3. Presupposing the priority of the Thomasine form of this logion, I
tried to argue that the narrative features peculiar to Mark are the
product of his own imagination & were probably the result of
(a) deductive reasoning (like your earlier reply to me) &
(b) Mark's prejudicial conviction that Pharisees were engaged in a
conspiracy with Herodians to trap J.
Then I speculated on Mark's rationale for inventing this expanded
narration:
a. The pre-Markan narration was so vague that the implications of the
logion was not explicit. Note that Mark does not specify that it was
a "gold" coin. So one cannot be certain that this element of GThom was
original or universal wherever this chreia was repeated. And even if one
assumes that a 1st c. person would automatically assume that the coinage
was imperial (because of the tax question), the question of ownership of
the coin is not self-evident. As far as I know, Roman rules of private
wealth were not all that different than ours. So, if I am in possession
of a coin, it is mine, not Bill Clinton's just because the department
of the treasury that answers to his directives minted it. Therefore,
Jesus' logion of returning things to their rightful owners does not
give an unambiguous answer to the question of foreign taxation.

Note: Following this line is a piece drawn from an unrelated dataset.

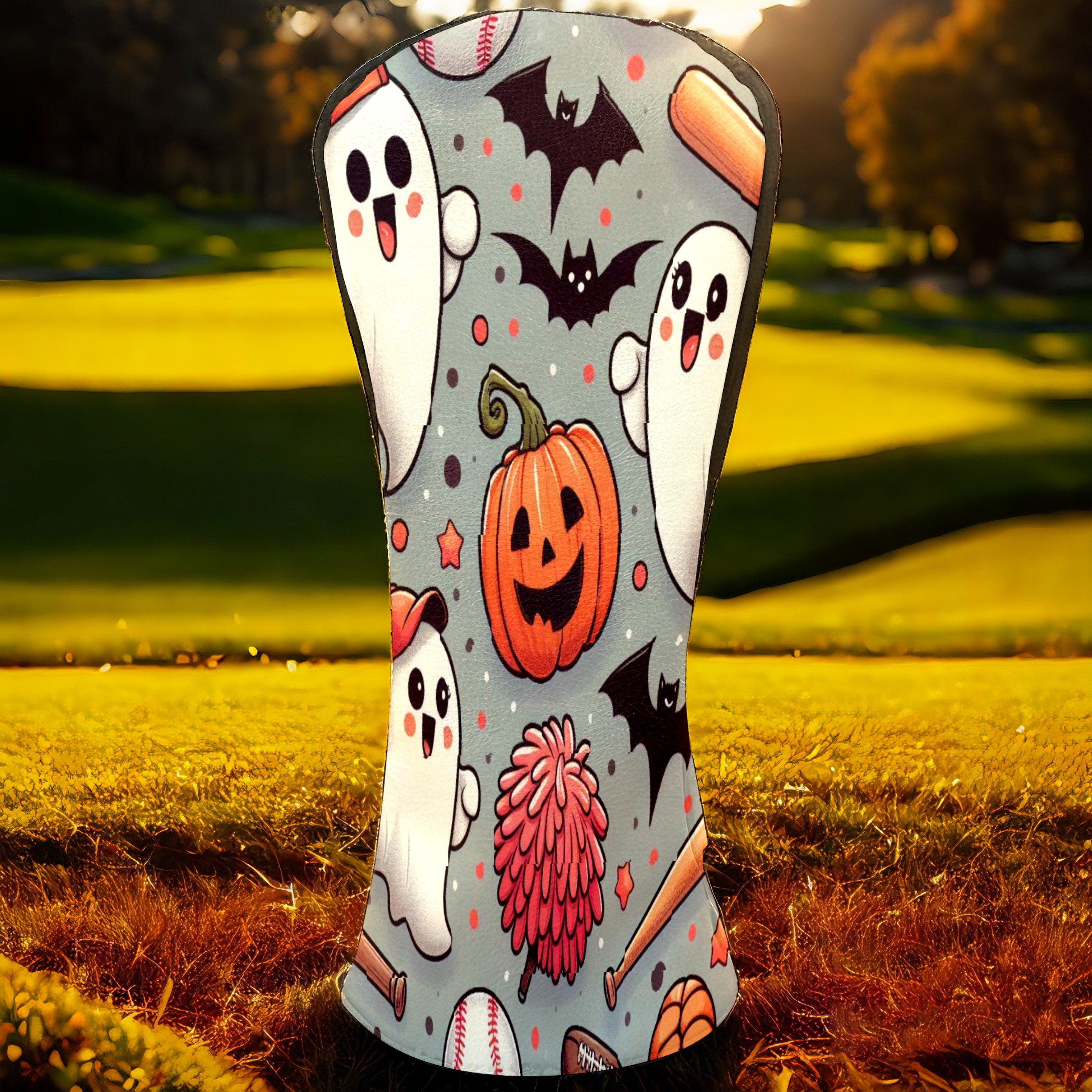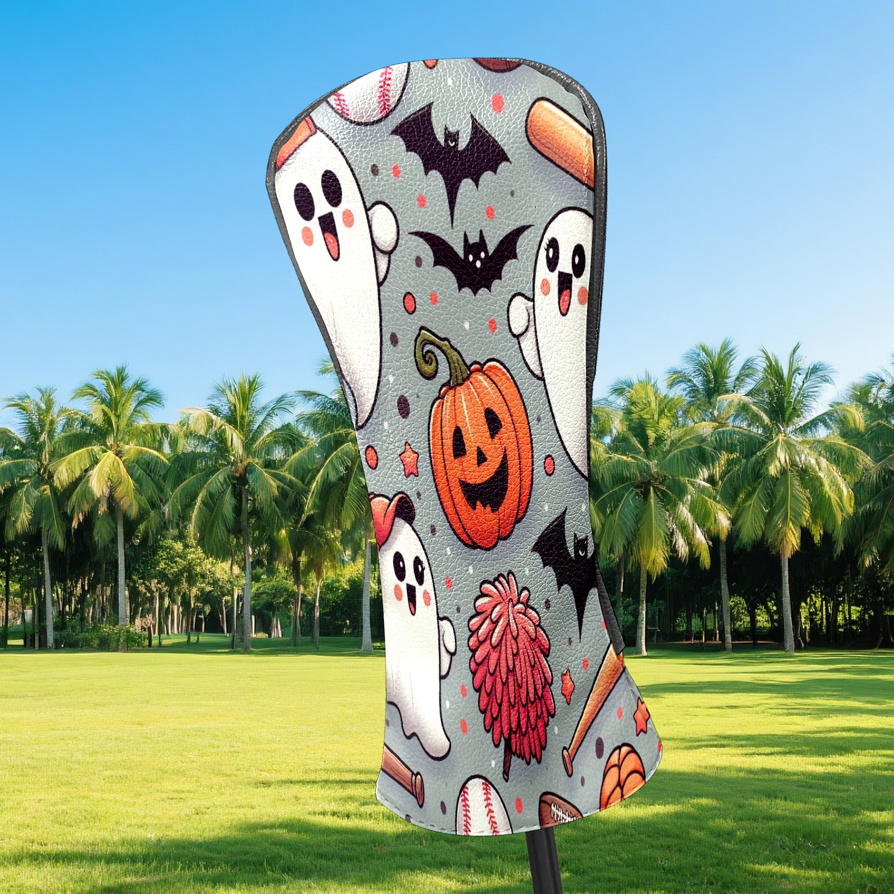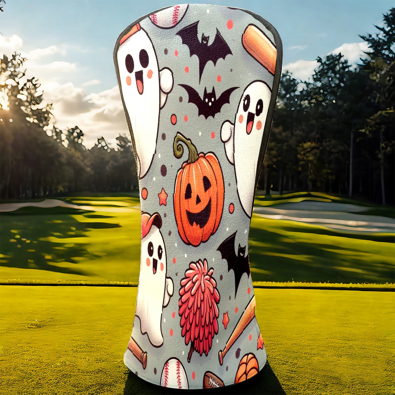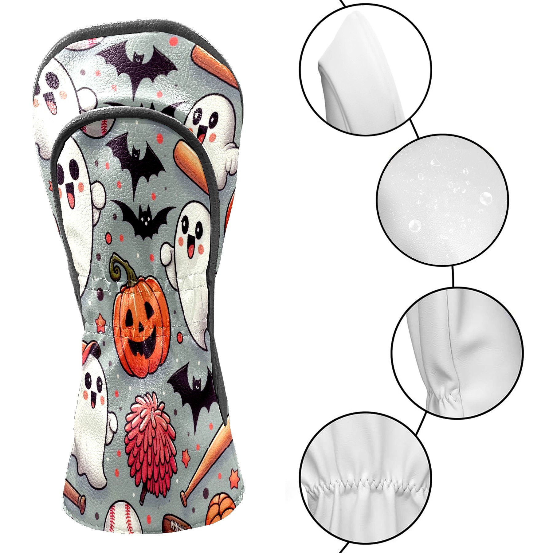 Golf Club Covers, Orange Ghost Pumpkin Premium PU Leather Driver Hybrid Putter Head Covers with Velvet Lining, Waterproof Golf Gifts for Men Women

b. Mark's interpolation of J's question about whose image is on the
coin & the emphatic response that it is Caesar's makes an explicit
link between the coin in question & J's logion, so that it is (almost)
impossible to interpret that logion as anything other than advice to pay
one's taxes. This is in line with Mark's repeated claims those who
thought J meant to spark a nationalistic revolt were dead wrong.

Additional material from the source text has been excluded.